Gudernes rum og menneskenes univers. I de mayatalende lakandoneres verdenssyn
DOI:
https://doi.org/10.7146/ta.v0i30.117836Resumé
In their mythology, the Lacandons - Indians living in the rain forest of Chiapas, Mexico - conceptualise a tripartite space of heaven, earth, and the underworld. The Lacandons perceive themselves as placed by the gods in the middle of a cosmic space that is created, delimitated and controlled by the two great celestial bodies: the couple of sun and moon. Through a detailed analysis of the symbolic representations of the sun and the gods of wind and rain, it is shown how all the most important features of the Lacandon universe is thought of as the outcome of complex interactions between solar and lunar principles.
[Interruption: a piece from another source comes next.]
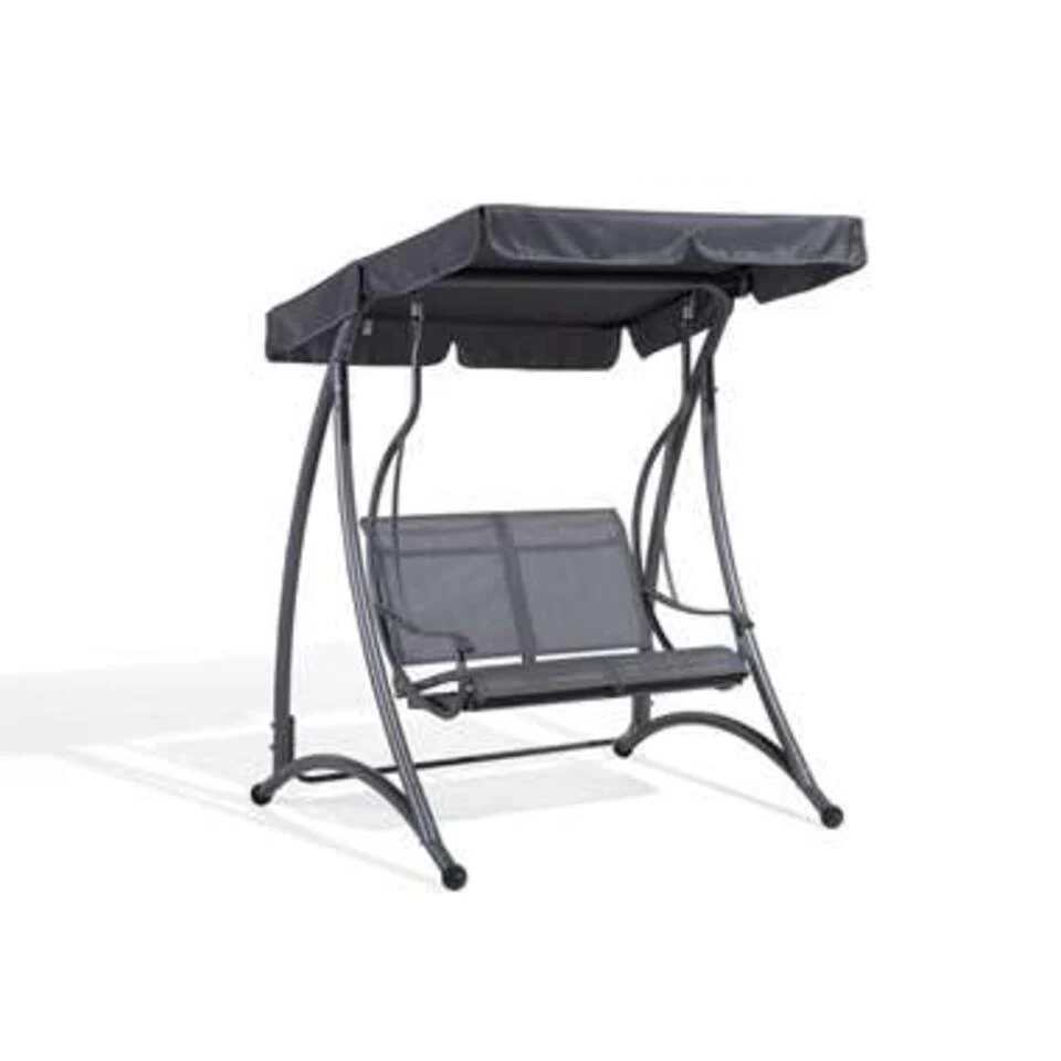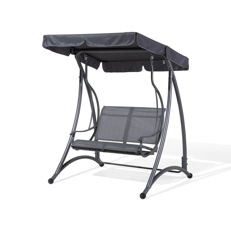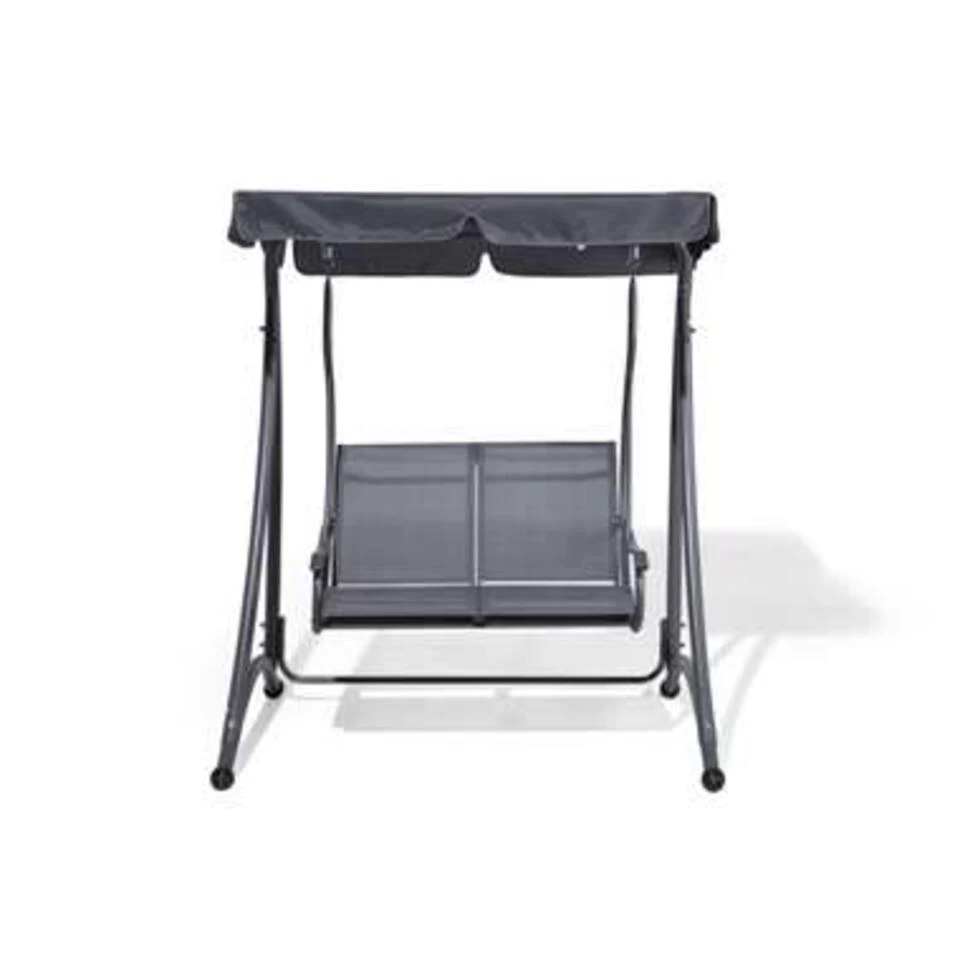 Comfortabele schommelbank in grijs. Deze comfortabele en aantrekkelijke 2-zits tuinschommel biedt een romantisch en comfortabel zitgedeelte voor de buitenruimte. Het geïntegreerde, instelbare zonnescherm, gemaakt van grijs, duurzaam polyester, zorgt voor aangename schaduw. De zonnekap is afneembaar en kan op 30°C worden gewassen. Het stevige en gebogen frame van grijs, gepoedercoat staal staat op vier stevige poten en geeft de schommel een moderne uitstraling. Maak het jezelf gemakkelijk op zonnige dagen!

On the one hand, the workings of the sun (male) and the moon (female) create and recreate the essential qualities of the meteorological, climatic, and ecological spaces that constrain the forms of productive life. On the other hand, the Indians conceptualise the opposition, the alternation, and the complimentarity that characterise the relations between sun and moon as homological to the social forms of Lacandon reproduction. The ambivalent, complex, and multifacetted dialectics of lunar and solar principles reveal that cosmic equilibrium centres round the male-female bipolarity. It is argued that although the male qualities of the sun are considered higher and dominant, it is in faet the mythic image of the moon that metaphorises stability, completeness and totality.